- Born: Michael Elliott 17 July 1946 Sunderland, County Durham, England
- Died: 23 December 2014 (aged 68)
- Other name: Mike the Mouth
- Occupations: Stand-up comedian, actor, radio personality, comedian

= Mike Elliott (comedian) =

English stand-up comedian (1946–2014)

Michael Elliott (17 July 1946 – 23 December 2014), also known as Mike the Mouth, was an English comedian, actor, television presenter and radio personality.

==Early life==
Elliott was born in Sunderland. He attended St Cuthbert's RC Primary in Grindon, Sunderland, and St Aidan's RC Grammar School in Ashbrooke, Sunderland. He later taught English and Drama at Hartlepool's Dyke House School.

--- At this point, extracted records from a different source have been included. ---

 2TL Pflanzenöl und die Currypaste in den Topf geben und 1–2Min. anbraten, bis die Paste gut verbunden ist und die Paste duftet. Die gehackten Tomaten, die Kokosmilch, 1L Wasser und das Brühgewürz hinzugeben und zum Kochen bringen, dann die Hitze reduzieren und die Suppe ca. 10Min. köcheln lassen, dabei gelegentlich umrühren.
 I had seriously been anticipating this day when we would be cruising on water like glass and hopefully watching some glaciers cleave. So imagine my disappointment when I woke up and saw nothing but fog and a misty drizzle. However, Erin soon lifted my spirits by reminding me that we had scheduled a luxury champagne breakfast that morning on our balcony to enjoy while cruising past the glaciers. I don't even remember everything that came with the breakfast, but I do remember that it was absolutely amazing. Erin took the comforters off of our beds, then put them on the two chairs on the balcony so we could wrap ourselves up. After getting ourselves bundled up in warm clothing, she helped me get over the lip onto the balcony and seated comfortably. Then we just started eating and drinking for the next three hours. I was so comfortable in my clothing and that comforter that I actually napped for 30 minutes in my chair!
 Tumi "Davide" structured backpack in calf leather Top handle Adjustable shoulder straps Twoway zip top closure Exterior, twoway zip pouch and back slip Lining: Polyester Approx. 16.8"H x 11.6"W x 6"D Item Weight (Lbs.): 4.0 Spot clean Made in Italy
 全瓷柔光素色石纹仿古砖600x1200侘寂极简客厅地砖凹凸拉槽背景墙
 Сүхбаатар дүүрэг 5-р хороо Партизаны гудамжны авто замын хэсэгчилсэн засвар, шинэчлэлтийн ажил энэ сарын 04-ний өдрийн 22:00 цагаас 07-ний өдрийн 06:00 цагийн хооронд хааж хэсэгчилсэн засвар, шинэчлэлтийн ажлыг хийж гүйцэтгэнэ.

Elliot was part of The Northern Front Folk Band which was really just a year long experiment with something called "folk music hall". To this end a club was started in The Londonderry pub in Sunderland – with Elliott being the driving force as organiser and compere. The group with Mike alongside both Ed Pickford and Nick Fenwick were amazingly popular on the folk music circuit.

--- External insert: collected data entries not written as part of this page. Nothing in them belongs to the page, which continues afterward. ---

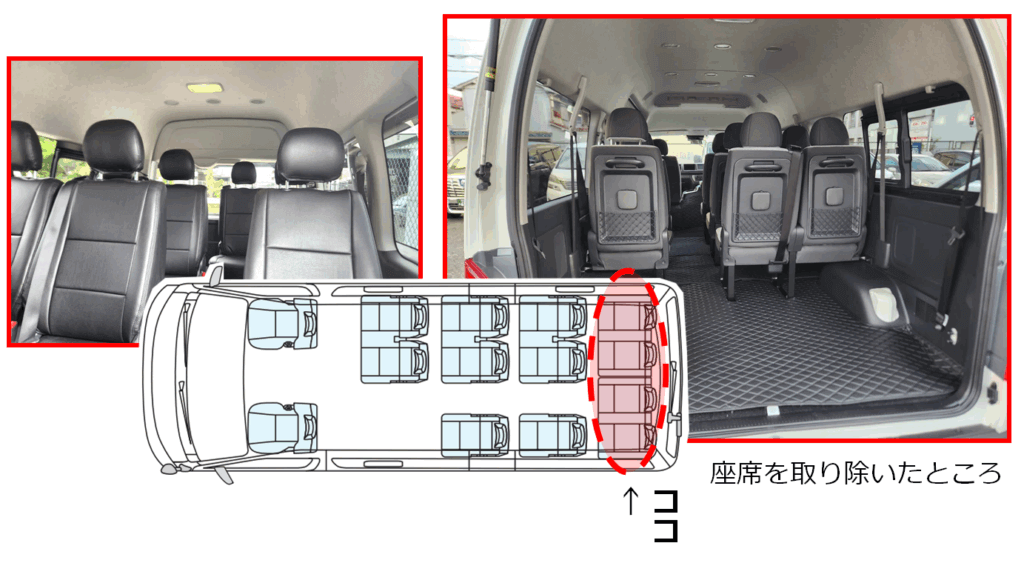 重要な事は、最後列の座席を外した事で乗合から乗用になりましたので、「乗用自動車の安全基準の内容」を満たす必要があると言う点です。
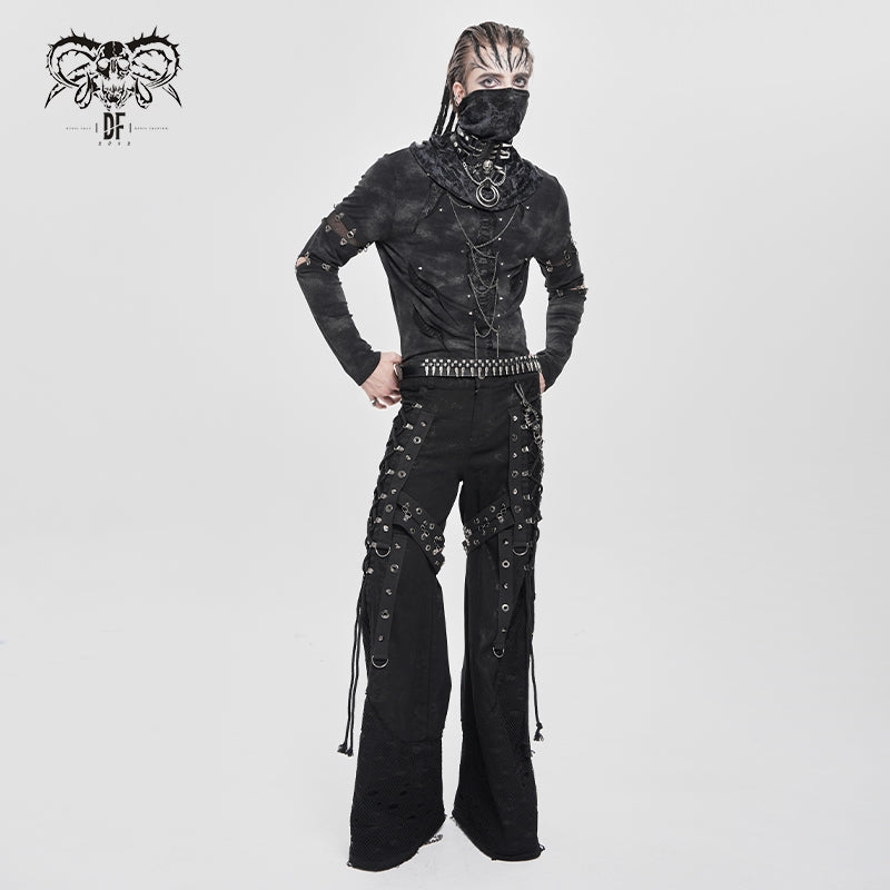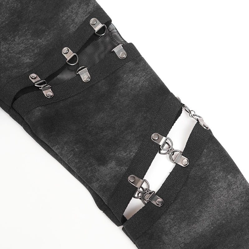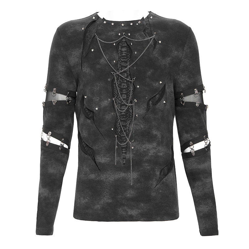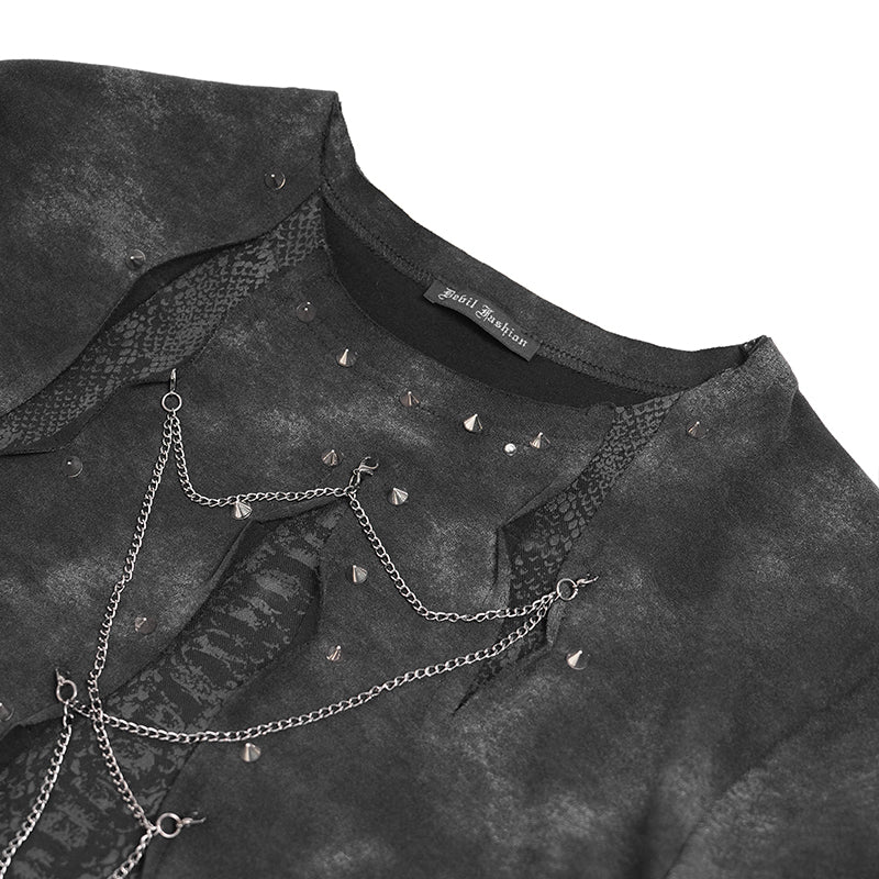 - The main fabric is a batik-like stretch knit with a ripped front panel, spliced with a stretch patterned woven fabric, embellished with small spikes, and interwoven with irregular chains.
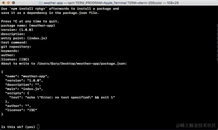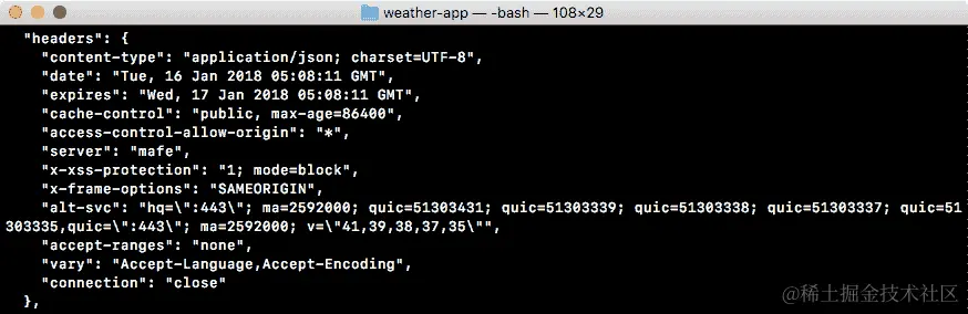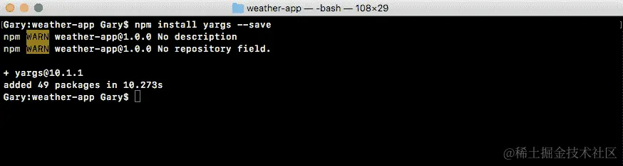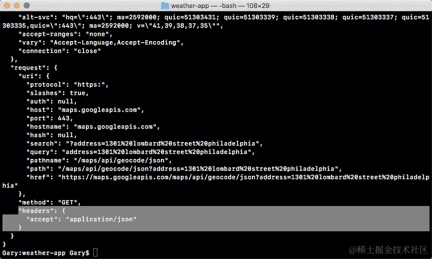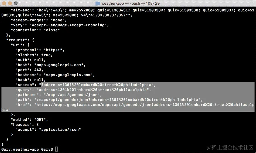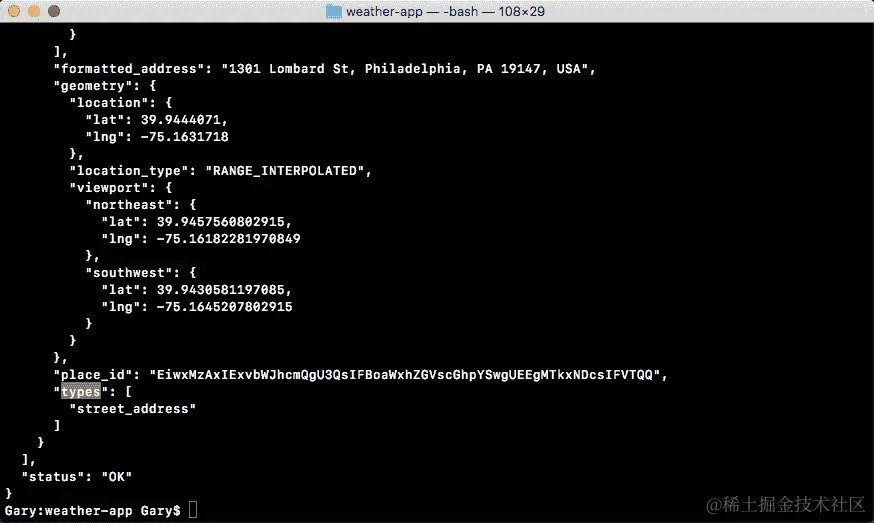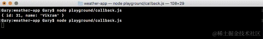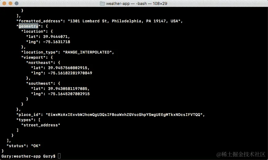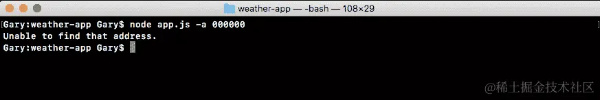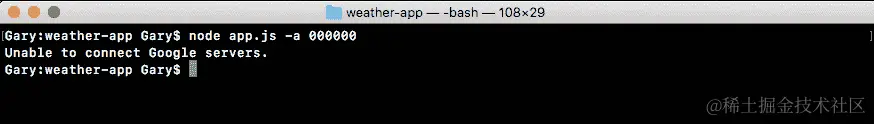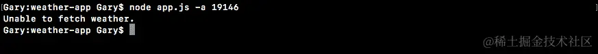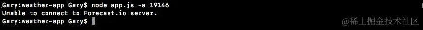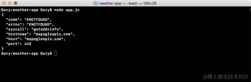 这就是我们需要做的一切,将数据从geocodeAddress传递给getWeather。这将创建一个在终端中打印我们动态天气的应用程序。

In 1983, he first found national fame on At Last, It's Mike Elliott, broadcast on Channel 4. For several years, he was a mainstay of Lindisfarne's UK tours, working as warm up and compere.

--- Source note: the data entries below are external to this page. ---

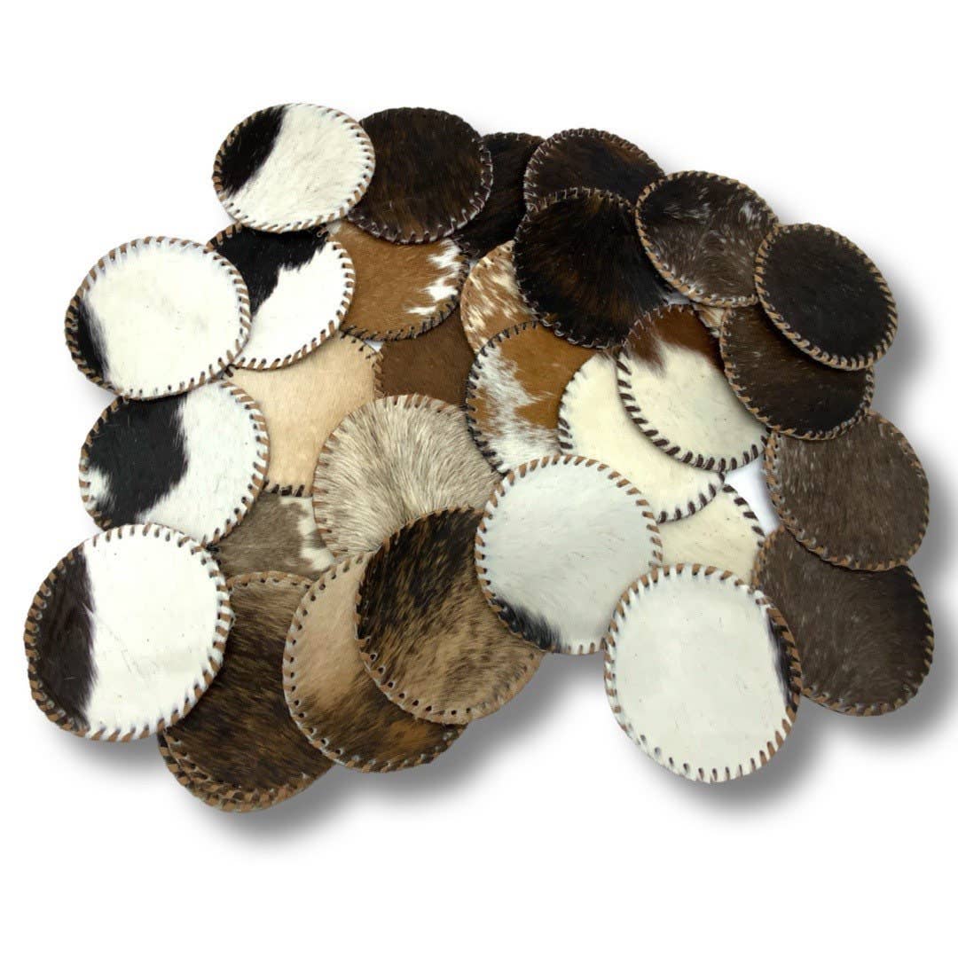 Give your table a cozy, rustic vibe with this Horseshoe Cowhide Coaster Set. Made from authentic cowhide, each piece boasts its own unique pattern—making every set truly one of a kind! Sized just right and sold in sets of four, these coasters guard your surfaces and invite a bit of fun to your gatherings. Let a little wildness into your daily routine! Horseshoe Cowhide Coaster Set Details: Measures 4.3 inches Set of 4 Made with genuine Cowhide so no two alike
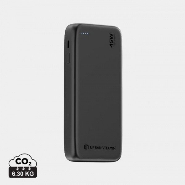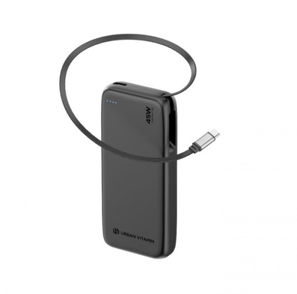 20000 mAh powerbanka s 70cm navíjacím USB-C káblom, plné nabitie powerbanky za pár hodín. 2 USB-C výstupy a 1 USB-A. Dve cez USB-C/USB A porty a 1 cez vstavaný kábel. USB-C podporujú rýchle PD nabíjanie do 45W. Podiel recyklátu: 19%. PVC free.
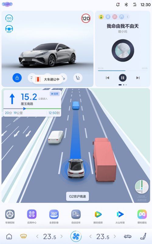 路遇大车接近也无需紧张,哪吒GT避让大车是一把好手,首先会在不压到车道线的前提下向远离大车的一侧轻微偏移,然后自主提升车速超车,最后回到车道中心继续以设定车速行驶,动作流畅如同老司机,直击用户求稳求安全的驾驶心理。
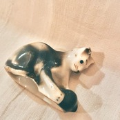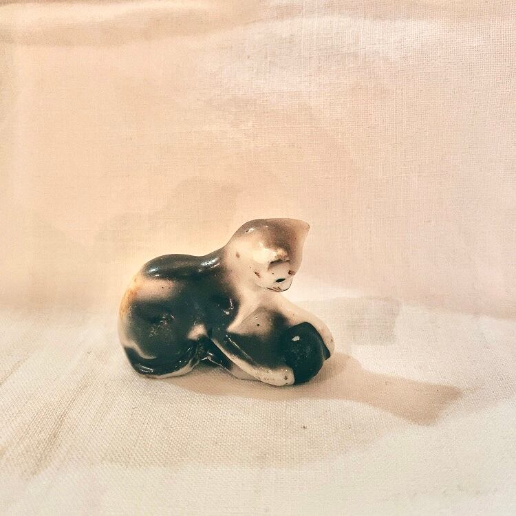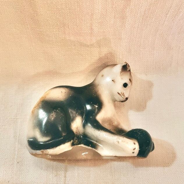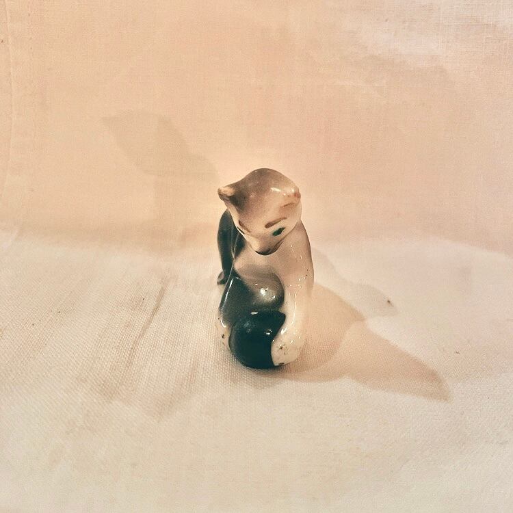 陶器製 ボールで遊ぶ猫の小さな置物(ne1)
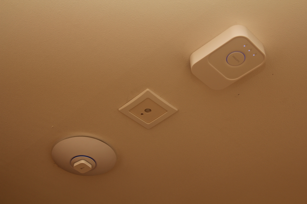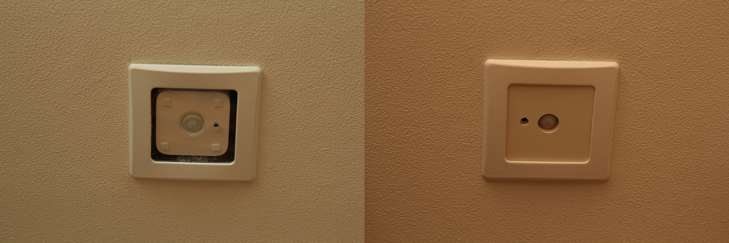 모션센서의 위치 이동이 거의 발생하지 않을 복도 천장 2곳에 시험적으로 매립하여 보았는데,
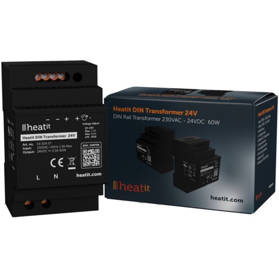 Transformator for montering på DIN-skinne. Kan brukes med Heatit Z-Water2 regulator.

He released two albums on Newcastle-based Rubber Records: Out of the Brown RUB 025 (1976) and At Last It's Mike Elliott RUB 044 (1982).
In 1992, Elliott returned to work for Tyne Tees Television, presenting a number of regional documentary series, including Down Colliery Way, about miners in England's northeast.

===Acting===
Elliott had a number of acting roles, including the boxing coach George Watson in Billy Elliot, and a number of roles in television drama series, including Crocodile Shoes, Byker Grove, Spender, Harry, and New Voices. He played a taxi driver in Goal and Goal! 3: Taking on the World.

===Radio===
In February 1995, Elliott was given a new nickname as "Mike the Mouth" when he launched the first late night talk show on 100-102 Century FM in the North East. He was suspended in his first year at the station for swearing at a woman caller who said she was a benefits swindler, but was reinstated after fans protested outside of the station's studios in Gateshead. In January 2000, he was taken off the air in the middle of his show, following an expletive-filled outburst at a caller. Bosses sacked him, assuming, from his behavior and slurred speech, that he was drunk. However, Elliott claimed that his "strange behavior" was caused by combining two glasses of wine during a family meal with the cold remedies Benylin and Night Nurse. In June that year, he was reinstated by the station.

In 2001, he launched a board game called Social Insecurity, with some similarities to Monopoly.

In December 2002, a new Mike Elliott radio show launched on North East Magic Radio in the same slot as his previous program. However, on MW, it failed to gain the same number of listeners that the Century FM series had achieved and Elliott was released from his contract in July 2003. In December 2003, Elliott went back on air on Sunderland's Sun FM. In January 2006, the series was re-branded North South Divided, pitching the northern stations of the Local Radio Company against their southern counterparts. Broadcast over almost 30 stations, this was the first time listeners outside of the North East had a taste of Elliott, alongside another presenter, Alex Dyke (who was later replaced by Carol McGiffin). On 5 July 2006, North South Divided ended.

==Death==
On 23 December 2014, Elliott died of esophageal cancer at age 68.